Die Anträge auf die Zweck­zuschüsse sind im Zeitraum 1. Juli 2020 bis 31. Dezember 2021 bei der Buchhaltungs­agentur des Bundes einzureichen. Die Auszahlung soll unmittelbar nach positiver Prüfung des Antrages erfolgen, die widmungs­gemäße Verwendung ist nach Durch­führung des Investitions­projektes spätestens bis 31. Jänner 2024 nachzuweisen. Durch die Gesetzes­vorlage wird nur bedingt eine rasche Durchführung der förderwürdigen Vorhaben gewährleistet. Die Investitions­projekte müssen bis 31. Dezember 2021 begonnen und bis spätestens 31. Jänner 2024 abgerechnet werden, sodass für die Gemeinden die Möglichkeit besteht, mit neuen Projekten noch abzuwarten. Allerdings können auch bereits laufende Investitions­projekte gefördert werden, deren Finanzierung aufgrund der Minder­einnahmen als Folge der COVID‑19-Krise nicht mehr möglich ist. Die Bedeckung der Zweck­zuschüsse soll aus dem COVID‑19-Krisen­bewältigungs­fonds erfolgen.
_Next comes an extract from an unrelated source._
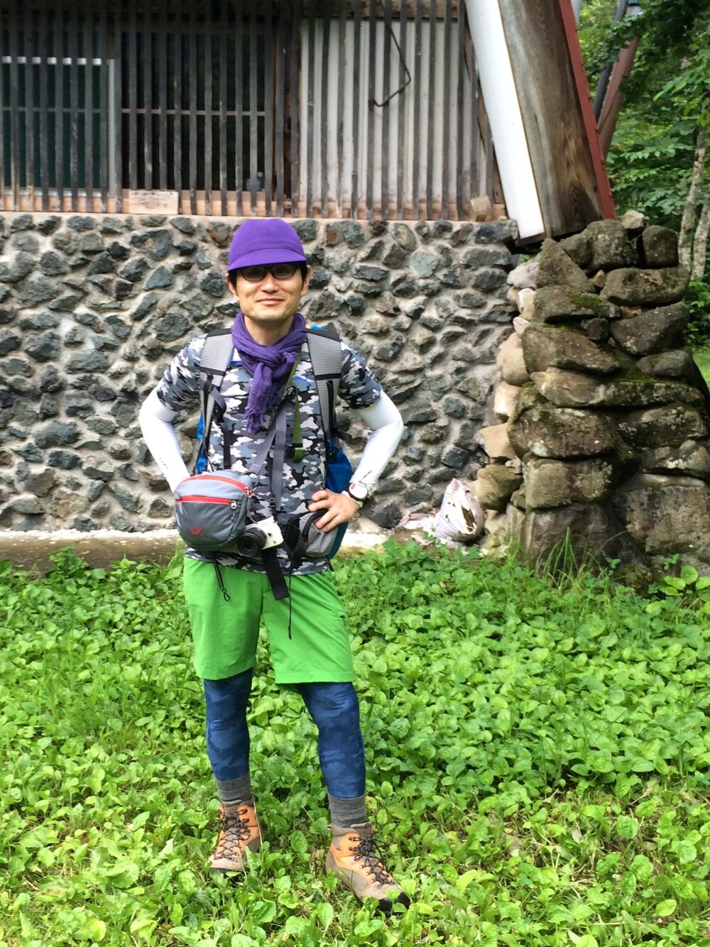 キャップ:KANGOL Tシャツ:PUMA パンツ:The Noeth Face タイツ:NIKE ブーツ:Zamberlan ポーチ:Arc'teryx Maca2 リュック:Gossamer Gear Gorilla ストール:今治タオル

Die Aufteilung der Mittel auf die Gemeinden richtet sich je zur Hälfte nach der Volks­zahl und nach dem abgestuften Bevölkerungs­schlüssel. Mit 239,5 Mio. EUR entfällt der größte Anteil am Förder­volumen auf die Stadt Wien, auch der pro Kopf Anteil ist mit 126,5 EUR für Wien am höchsten. Die Aufteilung auf die übrigen Bundes­länder korrespondiert weitgehend mit der Einwohner:innen­zahl.

Mit dem COVID‑19-Zweck­zuschuss­gesetz soll aus Mitteln des COVID‑19-Krisen­bewältigungs­fonds ein Zweck­zuschuss des Bundes an die Länder beschlossen werden. Die Höhe richtet sich nach den zusätzlich entstandenen Aufwendungen der Länder aufgrund der COVID‑19-Krise für Schutz­ausrüstung im Zeitraum März bis Mai 2020, Personal­kosten für die telefonische Gesundheits­beratung unter der Ruf­nummer 1450 im Zeitraum März bis April 2020 und Baracken­spitäler im Zeitraum März bis Mai 2020. Zur Höhe der Auszahlungen enthält der Initiativ­antrag keine Angaben.

Der Änderungs­antrag zum Epidemie­gesetz sieht eine Verlängerung der Frist zur Geltendmachung von Ansprüchen auf Vergütung des Verdienst­entgangs (Entschädigung gemäß § 32 Epidemie­gesetz), der aufgrund von behördlichen Maßnahmen infolge von SARS‑COV‑2 besteht, von sechs Wochen auf drei Monate vor.